John McCall rjmccall at apple.com
Thu Jul 28 16:52:37 UTC 2016


> On Jul 27, 2016, at 7:21 PM, John McCall <rjmccall at apple.com> wrote:
>> On Jul 21, 2016, at 6:42 PM, Peter Collingbourne <pcc at google.com <mailto:pcc at google.com>> wrote:
>> 
>> Hi all,
>> 
>> The ABI currently requires that virtual tables for a class appear consecutively in a virtual table group. I would like to propose a restriction that would require that compilers may only access the virtual table associated with the address point stored in an object's virtual table pointer, and may not rely on any knowledge that the compiler may have about the relative layout of other virtual tables in the virtual table group.
>> 
>> The purpose of this restriction is to allow an implementation to split a virtual table group along virtual table boundaries.
>> 
>> Motivation
>> 
>> There are at least two scenarios which would benefit from vtable splitting: clients which want to place data either before or after the ABI-required part of a virtual table, and clients which want to control the layout of virtual tables for performance or security reasons.
>> 
>> As an example of the first scenario, when performing whole-program virtual call optimization, Clang will apply an optimization known as virtual constant propagation [0], which causes data to be laid out at a specific offset from the address point of each virtual table in a hierarchy. If that virtual table appears in a virtual table group, padding is required to place the data at an appropriate offset for each class. Because of the current restriction that vtables must appear consecutively, the optimizer may need to add more padding than necessary, or inhibit the optimization entirely if it would require too much padding.
>> 
>> As an example of the second scenario, an implementation may wish to lay out virtual tables hierarchically either in order to increase the likelihood of a cache hit when repeatedly making the same virtual call over a set of heterogeneous objects, or to efficiently implement a security mitigation (specifically control flow integrity [1]) based on checking virtual table addresses for set membership. Placing only virtual tables (rather than virtual table groups) consecutively would likely increase the cache hit likelihood further and reduces the amount of metadata required to implement set membership checks.
>> 
>> In an experiment involving the Chromium web browser, I have measured a binary size decrease of 1.5%, and a median performance improvement of about 1% on Chromium's layout benchmarks when comparing a binary compiled with control flow integrity and whole-program virtual call optimization against a binary compiled with control flow integrity, whole-program virtual call optimization and a prototype implementation of vtable splitting.
>> 
>> Commentary
>> 
>> Although the ABI specifies [2] the calling convention for virtual calls, which requires the call to be made using the this-adjustment appropriate for the object from which the virtual table pointer was loaded, the as-if rule could in principle allow a program to make a call using a different virtual table if the virtual table group contains multiple secondary virtual tables, as the distance between these virtual tables would be fixed (the same would be possible for all virtual tables if the dynamic type were known, but in that case the program could just call the appropriate virtual function directly).
> 
> In what situation would the distance between secondary virtual tables in a VTT be fixed where you don't know the dynamic type?  Derived classes can always introduce or re-introduce virtual bases in ways that re-order the secondary virtual tables.

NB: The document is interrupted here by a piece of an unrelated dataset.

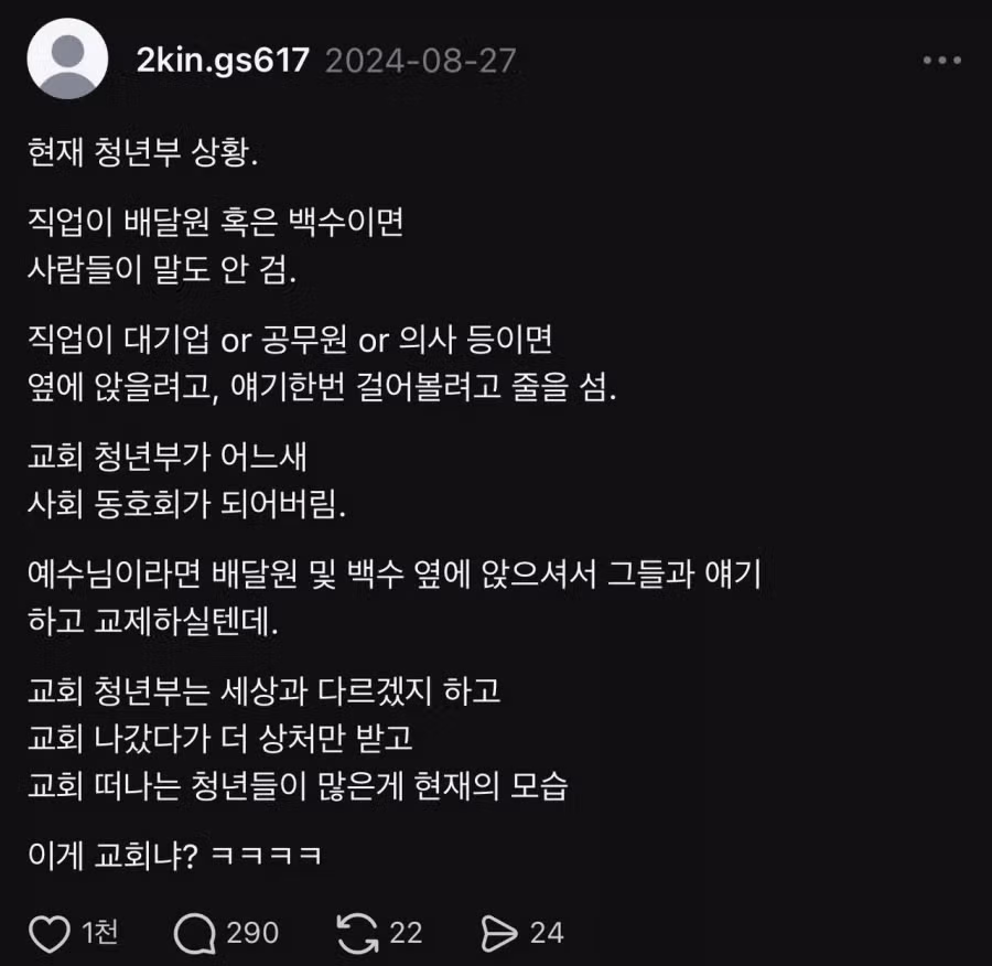 예전부터 교회는 인맥 쌓으러 가던건데.. 이제 나이대가 점점 내려올뿐임 누가 예수 믿으러 가나

Okay, thinking about it more, the idea is that, because the enumeration order is depth-first, there will always be a local range of the compound v-table that contains the v-tables of the non-virtual for any given portion of the class hierarchy.  Because the secondary tables never have new function pointers added to them, they do not grow to the right; and because v-call offsets are always added to the primary v-table for a virtual base, they do not grow to the left.  Therefore, a secondary v-table of a non-virtual base is fixed in size, and so you could theoretically reach from one secondary v-table to another with a constant offset.  For this to be profitable, of course, you would have to have one secondary table already loaded when you tried to use the other; but that could happen.  So I agree that this would be a possible optimization today.

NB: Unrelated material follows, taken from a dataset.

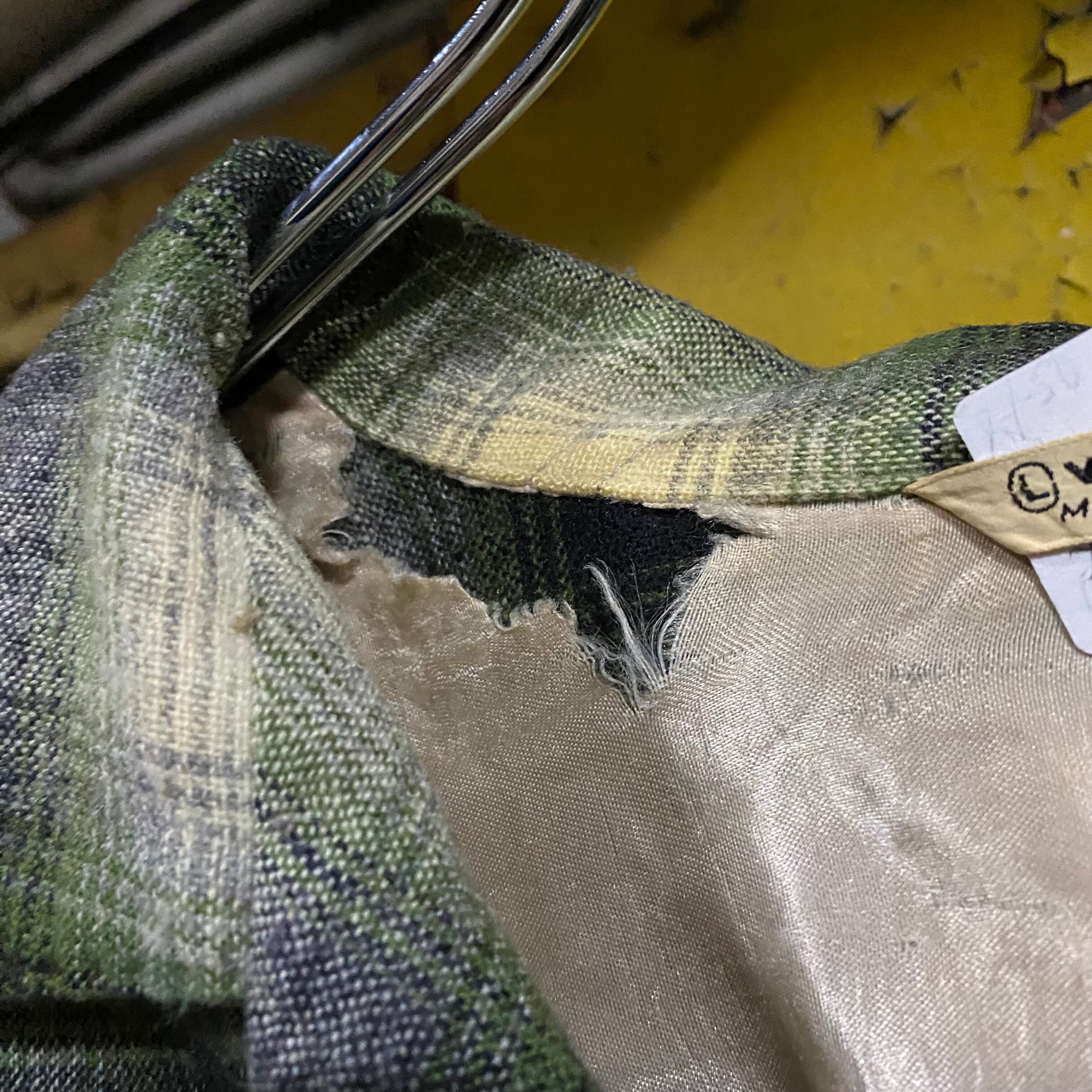 首元や正面、右袖にピンホールやダメージ有り。

>> The purported benefit would be to avoid an additional virtual pointer load from the object in cases where consecutive calls are made to virtual functions introduced in different bases. However, it seems to me that cases where this is beneficial would be rare: not only would you need at least three bases and a derived class which does not override any of the called virtual functions, but when performing two consecutive calls it seems likely that the vtable would need to be reloaded anyway, either from the object or from the stack, especially with majority caller-save ABIs such as x86-64, or in any event because the first virtual call may have changed the object's dynamic type.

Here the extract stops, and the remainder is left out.